**** DATASET EXCERPTS

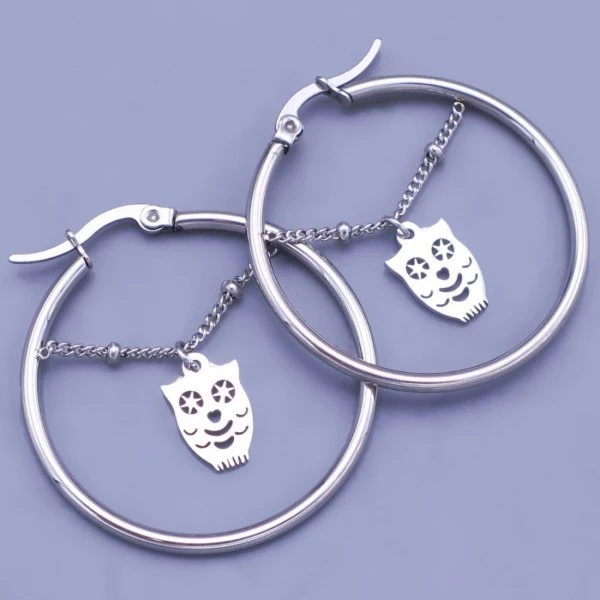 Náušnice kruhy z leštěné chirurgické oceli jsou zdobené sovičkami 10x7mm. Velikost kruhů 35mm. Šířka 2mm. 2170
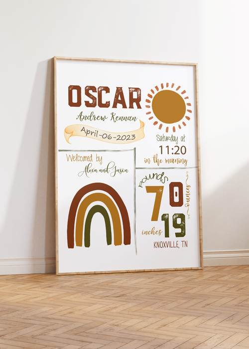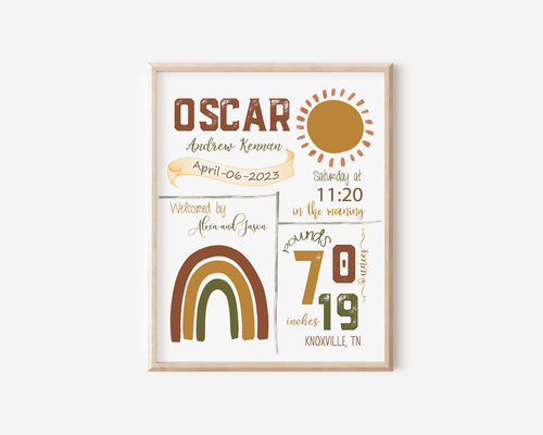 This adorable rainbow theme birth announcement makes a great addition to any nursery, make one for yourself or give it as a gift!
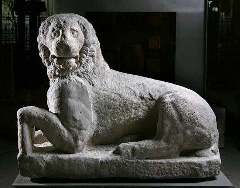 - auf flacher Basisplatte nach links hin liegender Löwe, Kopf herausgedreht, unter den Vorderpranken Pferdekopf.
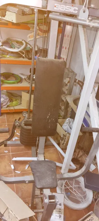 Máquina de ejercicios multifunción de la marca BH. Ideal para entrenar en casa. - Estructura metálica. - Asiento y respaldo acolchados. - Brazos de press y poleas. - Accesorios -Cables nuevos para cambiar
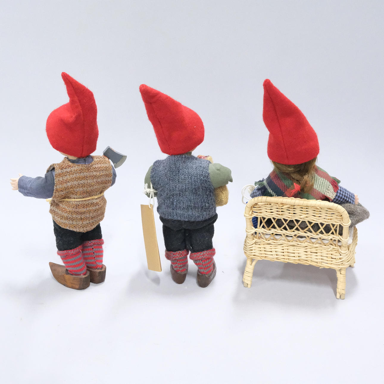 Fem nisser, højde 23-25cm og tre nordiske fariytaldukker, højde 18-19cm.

********
**** DATASET EXCERPTS

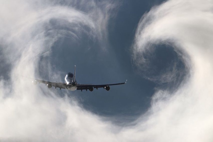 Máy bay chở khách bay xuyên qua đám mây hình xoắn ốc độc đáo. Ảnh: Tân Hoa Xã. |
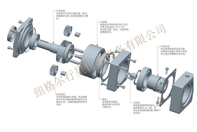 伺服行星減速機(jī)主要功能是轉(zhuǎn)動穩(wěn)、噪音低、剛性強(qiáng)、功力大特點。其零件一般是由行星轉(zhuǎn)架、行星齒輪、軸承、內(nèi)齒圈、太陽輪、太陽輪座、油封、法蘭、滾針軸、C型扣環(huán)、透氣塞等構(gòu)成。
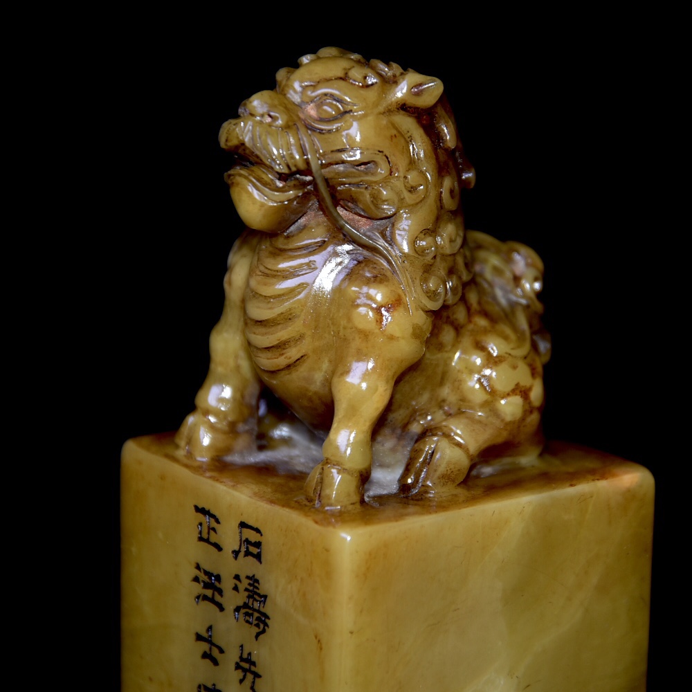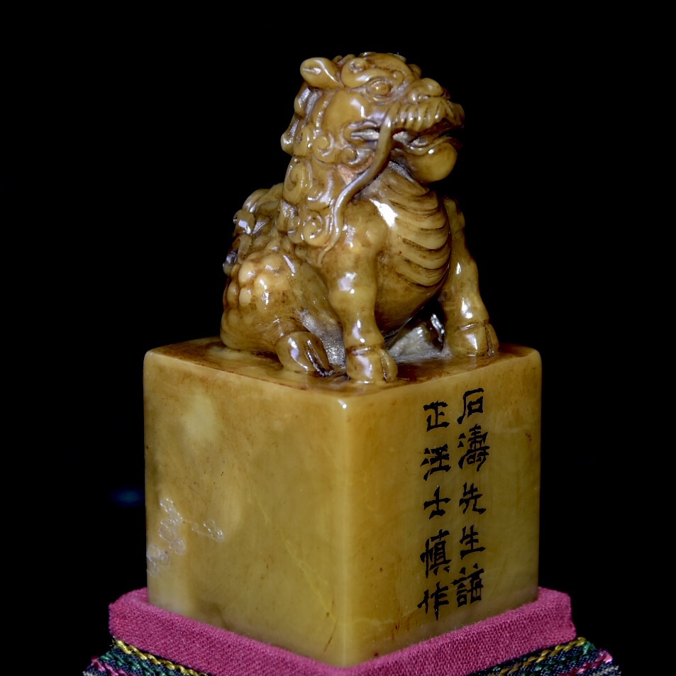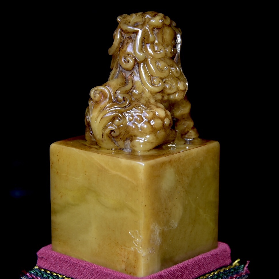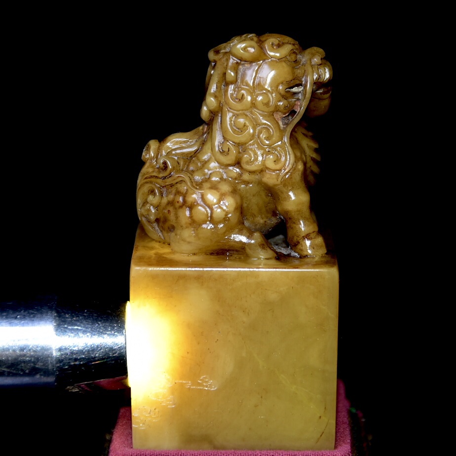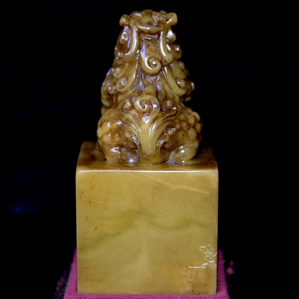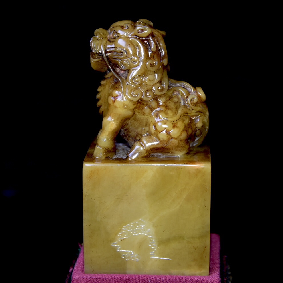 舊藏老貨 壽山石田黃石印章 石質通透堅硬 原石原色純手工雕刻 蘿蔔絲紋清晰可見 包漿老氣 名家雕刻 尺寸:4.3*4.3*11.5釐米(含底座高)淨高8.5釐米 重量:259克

********

• [TASK] Word for word, retype the lines in the entries above that run from the one with "Náušnice kruhy z" through the one with "Fem nisser, højde". Both ends count; pictures do not.

• [ANSWER SPACE]
 Náušnice kruhy z leštěné chirurgické oceli jsou zdobené sovičkami 10x7mm. Velikost kruhů 35mm. Šířka 2mm. 2170
 This adorable rainbow theme birth announcement makes a great addition to any nursery, make one for yourself or give it as a gift!
 - auf flacher Basisplatte nach links hin liegender Löwe, Kopf herausgedreht, unter den Vorderpranken Pferdekopf.
 Máquina de ejercicios multifunción de la marca BH. Ideal para entrenar en casa. - Estructura metálica. - Asiento y respaldo acolchados. - Brazos de press y poleas. - Accesorios -Cables nuevos para cambiar
 Fem nisser, højde 23-25cm og tre nordiske fariytaldukker, højde 18-19cm.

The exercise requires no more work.